# Is G Abelian?

1. Sep 21, 2008

### e(ho0n3

Problem. Let G be a finite group whose order is not divisible by 3. Suppose that (ab)3 = a3b3 for all a, b in G. Prove that G must be abelian.

Attempt. I know that G has no subgroups of order 3, hence no elements of order 3. Thus, if (ab)3 = a3b3 = e, then ab = e right? I don't know how to proceed. Any tips?

2. Sep 21, 2008

### morphism

It's really hard to give a hint here. OK, let's see, we want to show that ab=ba. Let's look at (ab)^3 and (ba)^3. Try to play with these. Here's a push in the right direction: ababab=(ab)^3=a^3b^3, so that baba=a^2b^2.

3. Sep 21, 2008

### e(ho0n3

I never thought about (ba)3. I had obtained (ba)2 = a2b2, but I didn't do anything with it. Let's see:

From (ba)2 = a2b2 we get that (ba)3 = baa2b2 = ba3b2. And since (ba)3 = b3a3, then ba3b2 = b3a3, so a3b2 = b2a3. Hmm...where can I use this equality?

4. Sep 21, 2008

### morphism

Good progress.

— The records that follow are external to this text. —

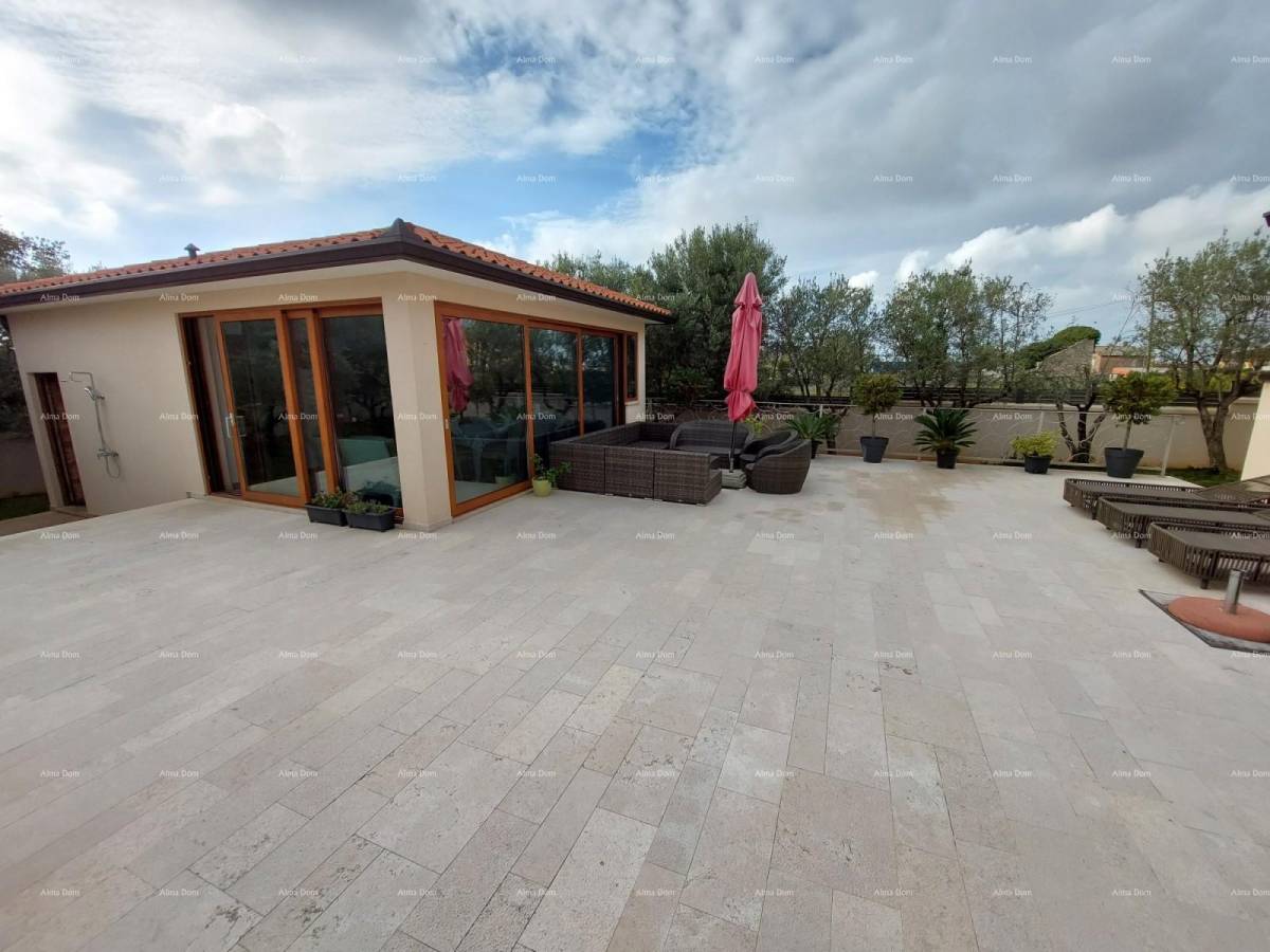 Prodaje se prekrasna kuća u Vodnjanu sa dva stana i unutarnjim bazenom. Zemljište na kojem je kuća napravljena veličine je 1683m2. Kuća se sastoji od podruma, prizemlja i prvog kata. Kuća je velika 489m2. Na prvom katu nalaze se dva stana te svaki stan ima svoj zaseban ulaz. Prvi stan je dvoetažni te se na prvoj etaži nalazi blagavaonica, kuhinja sa dnevnim boravkom i blagavaonicom, gardaroba te toalet za goste. Drugoj etaži se pristupa preko unutarnjeg stepeništa koje vodi na drugi kat kuće gdje se nalaze tri spavaće sobe sa vlastitim kupatilom. Također sa drugog kata se izlazi na prostranu terasu koja je dijelom natkrivena i nenatkrivena drugim dijelom. Stan koji se nalazi u prizemlju je jednoetažni te je veličine 43m2. Jednoetažni stan se sastoji od dnevnog boravka sa kuhinjom, blagovaonicom, spavaćom sobom i jednim kupatilom. Unutarnji bazen je veličine 18m2 odnosno dimenzija 6x3. također u kući se nalaze dvije velike zatvorene terase i moderna ljetna kuhinja. Kuća se nalazi na sređenoj, zatvorenoj okućnici. U svakoj sobi se nalaze klima uređaji te je kuća skroz klimatizirana. Kuća se prodaje potpuno namještena. Kuća se nalazi nekoliko stotina metara od glavnog gradskog traga, trgovina i svih bitnih sadržaja ali je opet u dijelu Vodnjana koji je miran te nema previše prometa. Kuća se nalazi 6 minuta vožnje automobilom do prve plaže te se nalazi 12 minuta do Pule. Kuće se može baviti turizmom i iznajmljivanjem te je pogodna za ugodan i dug boravak.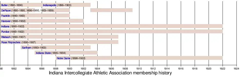 In December 1900, the IIAA expelled DePauw "for failure to conform to the rules of eligibility for players." Franklin resigned the same month, reducing the conference to nine members.[26] Hanover disappeared from the membership rolls by the end of 1902, leaving eight schools to attend the IIAA meeting that December: Indiana, Purdue, Notre Dame, Butler, Wabash, Rose Polytechnic, Earlham, and Indiana State.[27]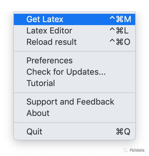 打开软件的菜单,点击Snip工具的「Get LaTex」命令,它会弹出一个截图坐标。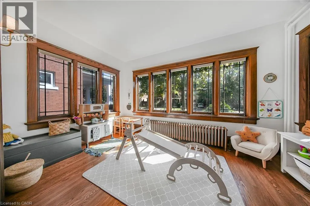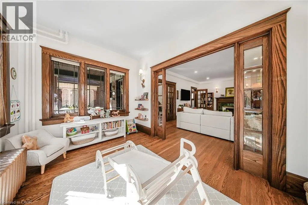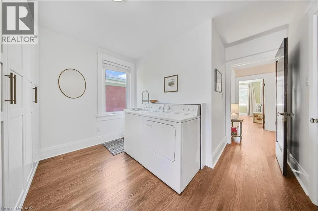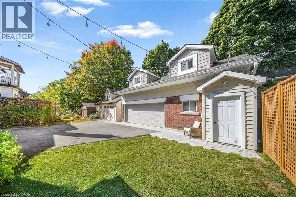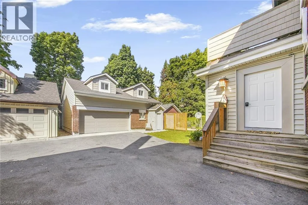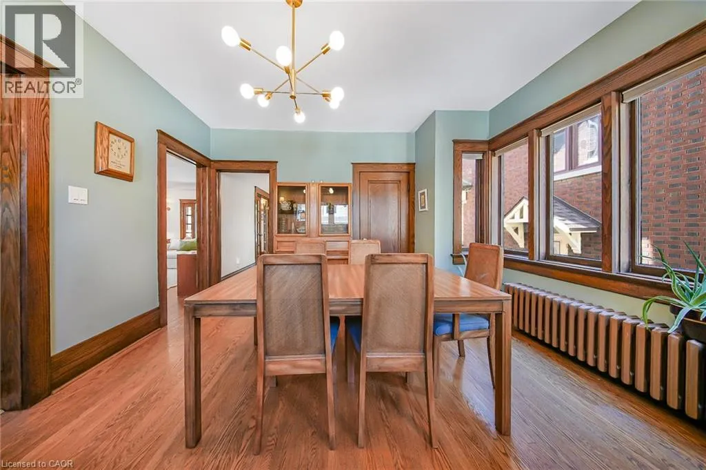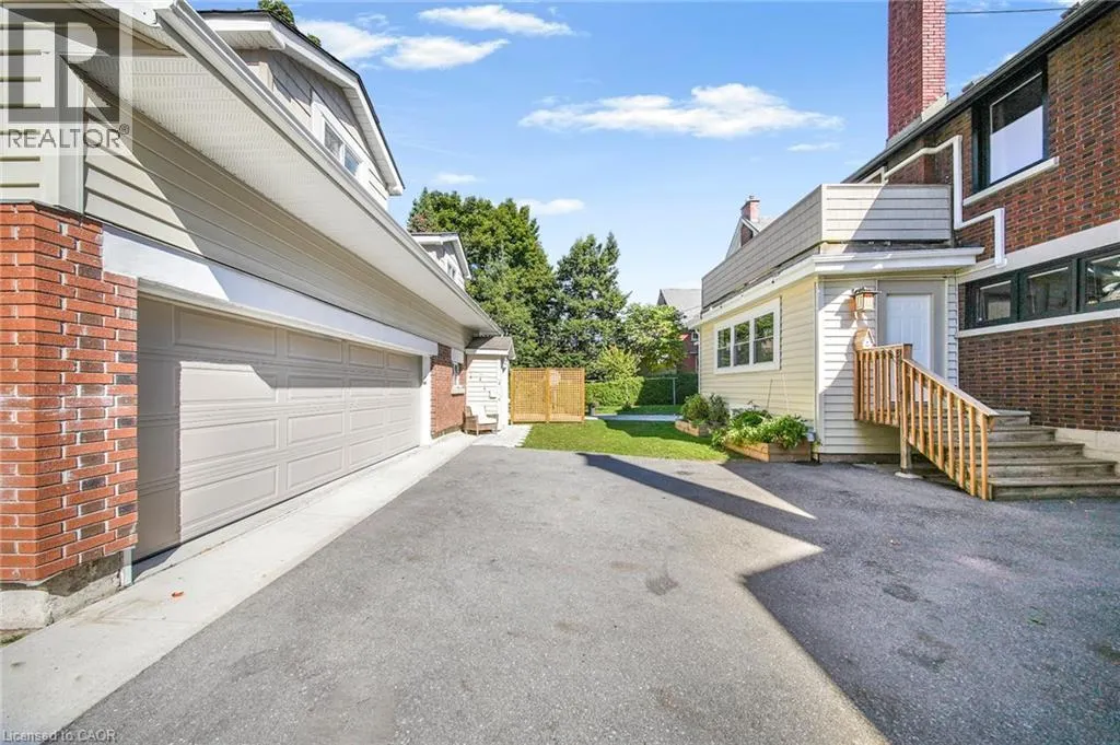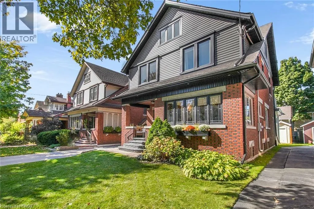 Victoria to Park to Jubilee to Heins Nestled on a family-friendly street just steps from beautiful Victoria Park and vibrant downtown Kitchener, this charming 4-bedroom home strikes the perfect balance between character and modern convenience. The welcoming exterior hints at the thoughtful updates and well-maintained features you'll discover inside. Step through the front door and you'll immediately notice the gorgeous oak strip hardwood floors that flow throughout, complemented by elegant crown moulding and beautiful wide wood trim that adds a touch of sophistication. The main level offers comfortable living spaces, while a convenient half-bath serves daily needs. Venture upstairs to find three generous bedrooms, including a spacious primary bedroom. The fourth bedroom has been thoughtfully converted into an upper-level laundry room â though it could easily return to bedroom duty if needed. Check out the recently renovated 4-piece bathroom that creates a spa-like retreat, perfect for unwinding after busy days. Don't miss the unspoiled loft space, ideal for a children's playroom, home office, or additional living area â let your imagination run wild! Practical features include separate side and back entrances, plus laundry hookups in the basement for added flexibility.?The real showstopper? A massive 749 sqft detached garage measuring 32ft 8in X 23 ft and housing a self-contained studio complete with its own furnace (2022) and air conditioning (2025). Whether you're an artist, entrepreneur, or just need extra space, this versatile outbuilding delivers endless possibilities. Some of the many updates include: windows, eaves & siding, driveway, heat pumps, boiler and softener. Reach out for the full list. This home is truly beautiful - book your showing today. (id:27476)

Now use the fact that 3 doesn't divide the order of G to show that cb^2=b^2c for all c in G.

5. Sep 21, 2008

### e(ho0n3

To do that, I would show that for any c in G, there is an a in G with c = a3. And to do that, I would show that the mapping f(a) = a3 is 1-1: Suppose f(a) = f(b). Then a3 = b3 and e = b3a-3 = (ba-1)3. Since there are no elements of order 3, then the order of ba-1 must be either 1 or 2. The latter doesn't work so, ba-1 = e and b = a. It follows that f is also onto (since G is finite).

Great. Know what? Hmm... a3b3 = a2ab2b = a2b2ab, the last equality due to the result above. And since a3b3 = (ab)3, we have that a2b2ab = (ab)3, which after cancellation yields ab = ba. Nice.

Thanks a lot!